Bonsoir les filles!
Vous êtes toujours de bon conseil et j'en ai vraiment besoin. Attention, ceci est une histoire plutôt triste, alors si vous déprimez déjà , passez votre chemin!
Voilà , jeudi à 5h30 du matin je reçois le coup de fil de ma belle soeur, paniquée, me disant de réveiller mon fiancé et de nous rendre tous les deux au domicile de ses parents. Rien de plus. Paniquée qu'ils leur soient (encore) arrivé quelque chose je m'exécute. Nous voilà là bas, où sa soeur nous annonce le décès de son père. Tous complètement débordés par l'émotion, j'ai un peu pris les choses en main, appelé les pompes funèbres etc.

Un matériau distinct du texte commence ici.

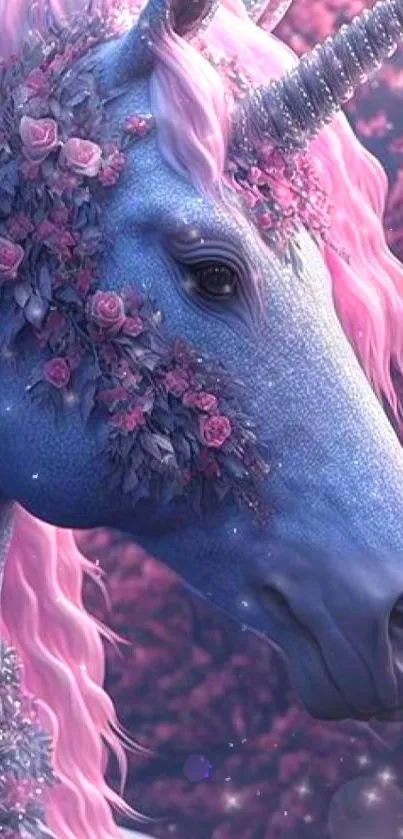Transform your screen with a mystical blue unicorn adorned in pink roses, ideal for fantasy lovers seeking enchanting mobile wallpapers

Le corps du père était toujours dans la maison et il faut savoir que j'ai un rapport très douloureux avec la mort, alors, bien que je n'ai laissé rien transparaître, j'étais paniquée à l'intérieur.Mais dans ma tête, les plus forts soutiennent les plus faibles. Nous, les trois conjoints de mon fiancé et ses deux soeurs les avons soutenus, elles et leur mère. Mon fiancé est allé dans la chambre voir son père, je n'ai pas eu la présence d'esprit de l'en empécher tant j'avais à faire, et quand il est sorti il a insisté pour que personne ne rentre dans la chambre, tant c'était horrible apparemment. Je m'en veux beaucoup de l'avoir laissé rentrer dans cette pièce, et ce plusieurs heures après le décès. Je m'en veux qu'il l'ait vu dans cet état. Je n'ai rien vu mais j'imagine très bien (rigidité cadavérique, visage crispé probablement, il y a avait du sang par terre donc probablement sur lui aussi, et puis les voix naturelles qui se relachent, etc...) Je pense que j'aurais du avoir la présence d'esprit de bloquer cette porte...
Puis mon fiancé a pris les choses en main une fois le choc passé. Papiers administratifs, notaire, etc. Maintenant c'est lui l'homme de la maison, et il essaie d'assurer. Il m'a même impressionné par sa maitrise de lui-même. Même une fois rentrés à la maison, il ne s'est pas (ou très peu) laissé aller.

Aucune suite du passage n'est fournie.